Um risco luminoso no céu da Flórida marcou, na madrugada da última quarta-feira, uma nova etapa na exploração dos planetas vizinhos da Terra. Impulsionada por um foguete Delta II, a nave americana Mars Pathfinder iniciou uma viagem de 500 milhões de quilômetros que a levará até Marte. Se tudo der certo, ela vai pousar na superfície do planeta daqui a sete meses. Será a primeira de dez sondas e robôs que integram a flotilha terrestre escalada para ir ao planeta vermelho nos próximos nove anos. Antes da Pathfinder, outras duas naves foram lançadas neste ano. A primeira, a americana Mars Global Surveyor, saiu no dia 7 de novembro, mas, devido à diferença no alinhamento dos planetas, só chegará à Marte em setembro de 1997, dois meses depois da Pathfinder. A terceira nave, a russa Mars 96, foi um fiasco. Lançada do cosmódromo de Baikonur no final de novembro, perdeu o rumo antes de deixar a atmosfera e mergulhou no Oceano Pacífico.

A sonda despachada na semana passada custou 196 milhões de dólares e é a mais promissora até agora na busca de eventuais traços de vida em Marte. Pela previsão da Nasa, ela deve penetrar na atmosfera marciana no dia 4 de julho, usando para amortecer a queda um conjunto de pára-quedas e bolsas de ar semelhantes ao air bag usado nos automóveis. O equipamento fará com que em apenas cinco minutos a velocidade seja reduzida de 43 500 para 48 quilômetros por hora. Dentro da nave viaja uma pequena maravilha da tecnologia moderna, o robô Sojourner _ nome escolhido em homenagem a Sojourner Truth, uma negra militante da abolição da escravatura durante a Guerra de Secessão americana.

O veículo, do tamanho de um triciclo infantil, tem seis rodas que se adaptam às ondulações do terreno. Movido a energia solar, vai passear durante uma semana (terrestre) pela superfície de Marte recolhendo e analisando amostras de solo e rochas. Os resultados serão enviados instantaneamente à Terra. Com esses recursos, os cientistas esperam esclarecer as dúvidas que cercam a pesquisa envolvendo um meteorito marciano que há 13 000 anos caiu na Antártida. Em agosto, uma equipe da Nasa anunciou ter encontrado nele sinais de atividade bacteriana de bilhões de anos _ um resultado que até hoje não foi aceito por muitos cientistas. A Pathfinder também fará medições sobre densidade, temperatura e pressão da atmosfera marciana.

Rios secos _ A perda da nave russa Mars 96, em novembro, foi um duro golpe para o programa de exploração marciana. Das três naves previstas para este ano, era a única equipada com perfuradores capazes de descobrir se existem depósitos de água congelada no subsolo do planeta, como suspeitam os cientistas. Além disso, ela levava aparelhos que serviriam para auxiliar nas pesquisas que serão feitas pelas duas naves americanas. "Foi uma perda muito grande porque as três missões eram complementares", lamentou Douglas Isbell, da Nasa. "Nenhuma de nossas naves poderá realizar sozinha as análises previstas inicialmente no programa de cooperação com os russos."

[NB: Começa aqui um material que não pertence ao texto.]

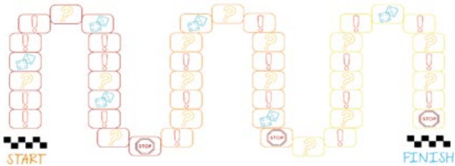
Schéma 2: Représentation du plateau de jeu

point d'interrogation, renvoie à un set de cartes présentant une situation qui requiert des participants et participantes qu'ils et elles fassent un choix entre deux options qui découlent de celle-ci, tout en tenant compte de leur évolution dans le parcours du jeu. Enfin, les cases « imprévu », symbolisées par deux dés, impliquent des participants et participantes qu'ils et elles vivent un coup du sort par la relance du dé.

O local escolhido para o pouso da Mars Pathfinder é uma planície rochosa chamada Vale de Ares, 850 quilômetros a sudeste de onde pousou, vinte anos atrás, a nave americana Viking 1. Observado da Terra por meio de telescópio, o lugar lembra a confluência de dois rios secos. Os cientistas acham que ali existe um terreno sedimentar, do tipo aluvião, onde seriam grandes as chances de encontrar traços de matéria orgânica capazes de confirmar se algum dia houve vida em Marte. Se isso acontecer, será uma das descobertas científicas mais importantes de toda a História. Mesmo que os traços sejam antigos, de bilhões de anos atrás, seria a prova de que a vida não é um privilégio apenas da Terra.

Enquanto a Pathfinder estiver fazendo suas pesquisas no solo, a outra nave americana, a Global Mars Surveyor, permanecerá em órbita do planeta. Com sensores que conseguem registrar imagens de um objeto do tamanho do automóvel, ela fará um levantamento completo da superfície e da atmosfera marcianas. "Depois dessa missão, teremos mapas detalhados dos recursos minerais, da topografia e das condições climáticas de Marte", explica Glenn Cunningham, gerente do projeto. "Esse tipo de informação será vital no futuro, quando enviarmos para lá astronautas em vez de um robô."